Sitting in the sunny conservatory overlooking the snowy hills and away from the mad and frankly, quite boisterous crowds of the main ski cafes, we love to rest and enjoy a calm lunch stop. This is surely a place for people who appreciate good, ‘slow’ food.
A daily changing menu, it never fails to disappoint. This year we’ve particularly enjoyed Polenta with radicchio and gorgonzola, Orecchiette with sausage and broccoli, Pasta with potatoes, a Tagliere with small bites (including some crispy and light onion rings) and @bmcboy’s favourite, Pasta al Forno. For 20euros including service, this is worth a trip up the mountain even if you are not skiing. 

Don’t let the exterior put you off!

Finally, another place we love to eat at is somewhere I would never stop if I was driving by, not knowing how good it is. RAM or La D’Fenza is a steak house / pizzeria / trattoria just at the entrance of Castel di Sangro.

Outside it just looks dull and was named by @bmcboy ‘truck stop’. Yet inside brothers Rocco and Antonio offer genuine, appealing and home-made fare at incredibly good prices.

Pork tagliata with mushrooms at RAM

My favourite dish is Pork tagliata with raw mushrooms, which is divine – perfectly grilled, and full of mushrooms shavings and virgin olive oil.
Yet the whole menu is full of great choices; massive fillets, large portions of lamb chops, local greens, soups of cereals (barley, broad beans), truffle bruschetta, grilled scamorza with mountain ham, home made chitarra spaghetti with boar ragu, polenta with sausages
Each meal is finished with a bunch of local digestive liquors, all brought to the table for guests to choose from. 

Abruzzo digestives and wine at RAM

All this for under 25Euros per person.
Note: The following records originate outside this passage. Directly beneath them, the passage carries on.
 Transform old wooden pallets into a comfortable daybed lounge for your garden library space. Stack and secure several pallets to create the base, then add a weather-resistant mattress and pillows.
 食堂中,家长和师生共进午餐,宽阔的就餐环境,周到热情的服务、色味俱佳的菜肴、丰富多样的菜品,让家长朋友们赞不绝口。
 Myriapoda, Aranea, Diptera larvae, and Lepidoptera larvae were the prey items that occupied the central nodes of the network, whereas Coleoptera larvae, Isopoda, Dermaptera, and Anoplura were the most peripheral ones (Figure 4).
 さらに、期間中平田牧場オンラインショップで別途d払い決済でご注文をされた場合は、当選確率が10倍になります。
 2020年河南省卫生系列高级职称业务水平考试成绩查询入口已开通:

These guys deserve to be known more widely, because their food is gorgeous and authentic.

Castel di Sangro is also on the foodie map for a Michelin star restaurant that ‘moved’ here from nearby Rivisondoli. Reale, owned by Chef Niko Romito, is a major name among Italian food connoisseurs. I tried it once when they had just opened and loved it, and then tried again when they had reached fame and was not as impressed. I am told by a reliable source that they have also just opened a tea room with hot baked donuts and a view to Castel di Sangro old town centre. I will make sure to visit next time I am there, but it’s excellent that in such a small area one can eat incredibly well with 20euros as much as treat oneself for 100.
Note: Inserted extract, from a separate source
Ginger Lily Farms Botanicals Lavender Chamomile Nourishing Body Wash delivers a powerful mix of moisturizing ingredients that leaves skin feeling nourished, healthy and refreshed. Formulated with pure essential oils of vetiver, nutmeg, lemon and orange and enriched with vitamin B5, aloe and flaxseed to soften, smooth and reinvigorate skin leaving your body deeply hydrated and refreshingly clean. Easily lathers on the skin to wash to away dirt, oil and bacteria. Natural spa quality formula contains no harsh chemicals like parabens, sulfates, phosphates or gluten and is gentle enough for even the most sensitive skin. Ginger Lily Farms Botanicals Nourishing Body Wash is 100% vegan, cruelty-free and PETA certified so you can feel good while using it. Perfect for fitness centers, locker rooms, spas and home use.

Visit now, if you can. Worth every cent.

9 thoughts on “Travel bites: Abruzzo and its sun, snow and food

  1. Thanks for sharing such a useful information you define lot’s of different pasta on your blog please so regular posting so that other people can aware from different king of pasta’s.

  2. Fede It all looks and sounds delicious. Great blog. And remember, bad travel reviews keeps the region unspoilt!!